Traceability. Every artifact points to the thing it depends on and to the thing that depends on it. A change in a proto contract points to the services that use it. A deployment step points to the configuration it needs. A feature points to the product requirement it implements. So I can assemble the right context for a task instead of loading the whole system.

DRY. There is only one source of truth for each type of information. No duplicated configs, no copied rules, no parallel descriptions of the same contract. If something changes, it changes in one place and the rest of the system references it.

Determinism. I design the stack so that as little as possible is left to interpretation. Strict typing, explicit schemas, reproducible pipelines and machine-checkable rules reduce the space where the model can guess. I also write regex-based detectors that flag suspicious rule violations so the agent can evaluate them instead of guessing from scratch.

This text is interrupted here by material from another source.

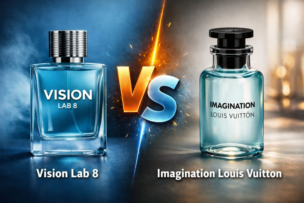 Comparando o Vision Lab 8 com o perfume Louis Vuitton Imagination, encontramos algumas similaridades, mas também diferenças marcantes. Ambos possuem uma proposta olfativa que busca transmitir frescor e sofisticação, embora o Vision se destaque pela sua acessibilidade. Enquanto o Imagination foi projetado para uma clientela mais elitista, focando em notas que vão do cítrico ao amadeirado, o Vision consegue oferecer uma interpretação mais prática e versátil dessa proposta.

The first step is to split everything into atoms instead of keeping one big description in the model:

product requirements (Markdown)
architecture constraints (Markdown, diagrams)
code rules (Markdown, linters/formatters config)
configuration rules (YAML, env files)
deployment and runtime procedures (CI YAML, Helm, bash)
API contracts (proto, OpenAPI specs)
infrastructure (Terraform, Ansible, Helm)

Each atom lives in its own place. Traceability links them: a contract change points to the services that consume it, a deployment step points to its config, a feature points to its product requirement.

Rules are not just text. Wherever possible they are enforced by scripts and tools in CI. If a rule can be broken silently, it will be.

All of this is wired into the working environment through Claude and Cursor rules. Hooks decide what context to load and run audit procedures before and after the task.

At this scale context is not a prompt. It is a system that selects, verifies and delivers the right slice of information for the change.

Important: Prompt Engineering Is Not Dead

It is still perfect for:

scripts
small tools
isolated tasks
research
brainstorming
or just for fun

But the moment you build:

a real product
a platform
a distributed system

prompt-only workflows collapse under their own weight.

Context engineering is not a trend. It is an architectural necessity once the task outgrows a single file.